Every line of the listing below must be printed again exactly, apart from its pictures.

Supplied data:
########################################

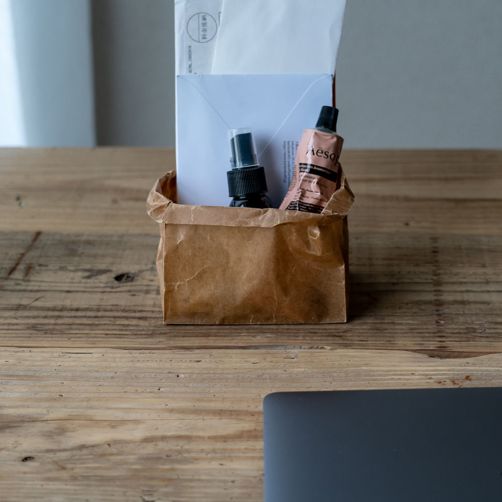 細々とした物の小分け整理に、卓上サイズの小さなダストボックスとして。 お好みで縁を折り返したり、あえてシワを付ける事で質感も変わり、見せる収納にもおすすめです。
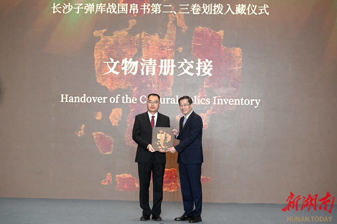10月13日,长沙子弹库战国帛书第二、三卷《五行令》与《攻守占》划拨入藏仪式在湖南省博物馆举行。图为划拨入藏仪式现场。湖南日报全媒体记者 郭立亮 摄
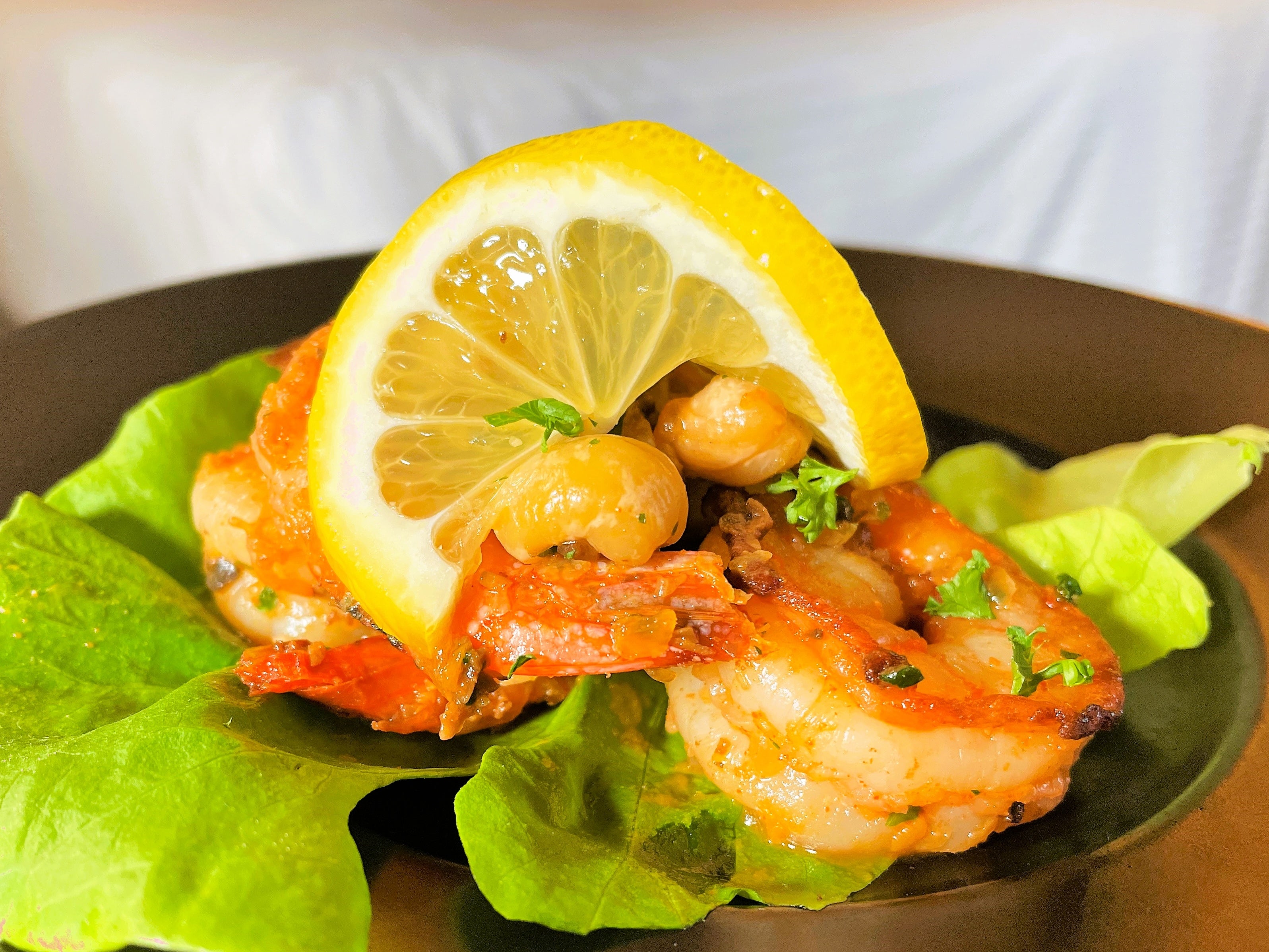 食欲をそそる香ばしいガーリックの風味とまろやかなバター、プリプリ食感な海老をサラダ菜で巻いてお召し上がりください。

########################################

Exercise result:
 細々とした物の小分け整理に、卓上サイズの小さなダストボックスとして。 お好みで縁を折り返したり、あえてシワを付ける事で質感も変わり、見せる収納にもおすすめです。
10月13日,长沙子弹库战国帛书第二、三卷《五行令》与《攻守占》划拨入藏仪式在湖南省博物馆举行。图为划拨入藏仪式现场。湖南日报全媒体记者 郭立亮 摄
 食欲をそそる香ばしいガーリックの風味とまろやかなバター、プリプリ食感な海老をサラダ菜で巻いてお召し上がりください。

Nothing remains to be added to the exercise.